Friday, April 06, 2007

C'Mon, Manhattan, I Thought We Had a Deal

What's up Manhattan? This is Brooklyn. I thought we had a deal.

This is how it's always worked: People who live in Manhattan get the coveted 212 area code. When they leave the city, they have Manhattan bragging rights with which to make Midwesterners and suburbanites jealous (since outside of the boroughs Brooklyn is known only as the place at which Miranda Hobbs turned up her pert little lawyer nose). Manhattanites can walk to work, and they're in close proximity to the high temples of gastronomy. We bow to you, Manhattan, and your captains of commerce and industry who plunk down a cool million to live in a 500-square foot studio in the West Village. We bask in your glow during the week, when we help support your many gyms and delis at lunch and downtown bars and cozy eateries at night.

Brooklynites, historically, have gotten something in exchange for our second-class status. We get bigger, cheaper, apartments with crown molding and character and fireplaces, and backyards in which to grill. We "endure" a 15-minute commute so we can enjoy trees and birds and open green spaces. We put up with jokes about B&T (even though we all know that means JERSEY and LONG ISLAND) because frankly, we like keeping the paradise that is Brooklyn a secret. The trashier you think it is, the fewer of you will come visit, and we can hog all of its brownstone glory for ourselves. We love having restaurants that deserve inclusion in the Michelin guide, but never make it because no one knows about them. And God forbid they do, or we'll never get in again: I'm looking at you, Good Fork.
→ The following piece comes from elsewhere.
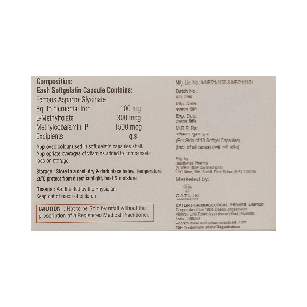 Salt Composition: L-Methyl Folate (300mcg) + Methylcobalamin (1500mcg) + Iron (100mg)

But apparently, the secret got out.

Manhattan, you are now officially violating one of the key agreements of our deal: limited weekend inter-borough bar mingling.

This one has never been a problem for me. Come Friday at five, I get over the Brooklyn Bridge as fast as I can, back into the large, welcoming bosom of Brooklyn (aka "the Better Borough"). Bars in Manhattan are pleasant enough during the week. Starting Fridays I make way for the stampedes of B&T and horny investment bankers who are easily drawn to fisticuffs should someone accidentally step on their Kenneth Coles in a mad dash for a key bump in the bathroom. Girls with flat-ironed hair and 200 of daddy's dollars in their designer handbags stand 10 deep at the bar, impeding my ability to drink myself out of the distinctive misery that is a weekend in Manhattan. And once I finally get there, bartenders charge $18 for a skimpy pour of Stoli. No thanks, you can have it, Manhattan.

But YOU'RE GOING BACK ON YOUR END OF THE DEAL. You are turning the tables and invading Brooklyn on the weekends, Manhattan. Before, I could enjoy a leisurely game of bocce at Floyd or commandeer an entire section of couches and tables at Abilene for my birthday party. I could reliably depend that the men at any bar I chose would be either friends of friends or, if strangers, intelligent, floppy-haired, well-read gents who probably would LIKE to go home with me, but wouldn't try to get me to do so with cheesy pickup lines or by waving their huge fat wallet in my face.

Manhattan, we're going to have to renegotiate our terms. You're slowly taking my bars away from me; what have you got in return? Don't make me go to Queens. Just don't make me do it.